Depois chamará em particular cada uma das que achar com culpas, as quaes, em sendo chamadas, farão a venia prostradas, e lhe dará a reprehensão e penitencia que lhe parecer (...) e se alguma tiver culpas que mereçam reclusão, a mandará d'alli logo recolher na casa da penitencia, pela Subprioreza e outra Freira. (...)

Capitulo XIV
Da publicação da visitação
Depois que as visitações forem feitas, vistas e examinadas na Mesa, e assentado o que ha de promulga, o Visitador fará estender os Decretos, por Capitulos distinctos, tudo por elle assignado, e o Secretario da visitação irá ao Mosteiro, e estando com elle o Prior á grade da communhão, da parte de fóra, ambos com seus mantos, com as portas cerradas, e a Commendadeira e Freiras professas sómente, capitularmente congregadas, lhe lerá e publicará toda a visitação de verbo ad verbum, e no cabo fará um termo do dia em que a publicou; mas culpas de qualquer qualidade se tomarão em Livro apartado que se entregará na Mesa e se guardará no Cofre do Segredo.

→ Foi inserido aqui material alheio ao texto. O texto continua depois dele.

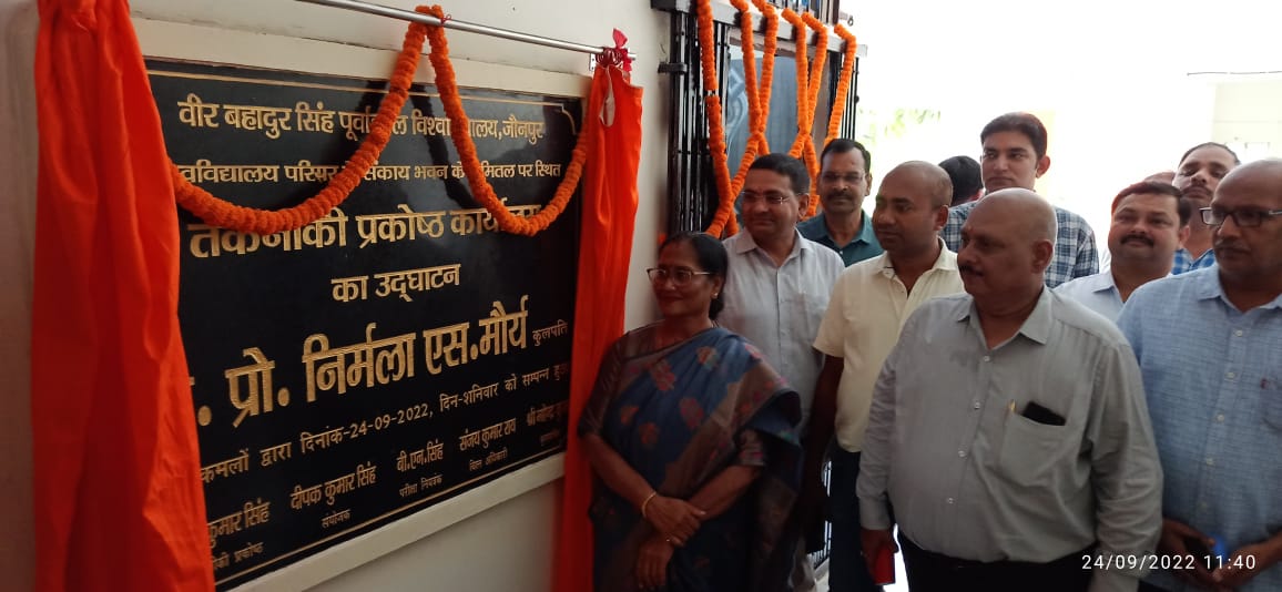जौनपुर। वीर बहादुर सिंह पूर्वांचल विश्वविद्यालय के संकाय भवन स्थित टेक्निकल सेल के अत्याधुनिक कार्यालय का उद्घाटन शनिवार को कुलपति प्रोफेसर निर्मला एस. मौर्य ने किया।

                                        
Capitulo XV     
Que as visitações se lêam                   
E porque debalde se visitaria, se as visitações se não houvessem de comprir e ter effeito, para que todas as Religiosas tenham noticia e memoria do que nellas se contem, e com isso se possam dar á sua devida execução, por este prezente Decreto determino, e mando, que, tanto que qualquer visitação fôr publicada, se lêa quatro vezes no anno em presença da Commendadeira de verbo ad verbum, começando o primeiro de Janeiro, o primeiro d'Abril, o primeiro de Julho, e o primeiro de Outubro, e a lerá a Cantor-mór na hora e logar que a Commendadeira ordenar (...) e as pessoaes que resultarem da visita serão vistas e sentenciadas sómente pelo Visitador, e com tal resguardo e segredo, que não possa outra pessoa saber dellas, pelo muito que convem que os defeitos e faltas de Religiosas que podem ainda casar, se não tenha noticia alguma: e quando as ditas culpas sejam tão graves, que por ellas mereçam as Religiosas que as commeteram serem excluidas do Mosteiro, se me dará antes da execução conta da qualidade dellas, para ordenar o que fôr mais serviço de Deus e meu.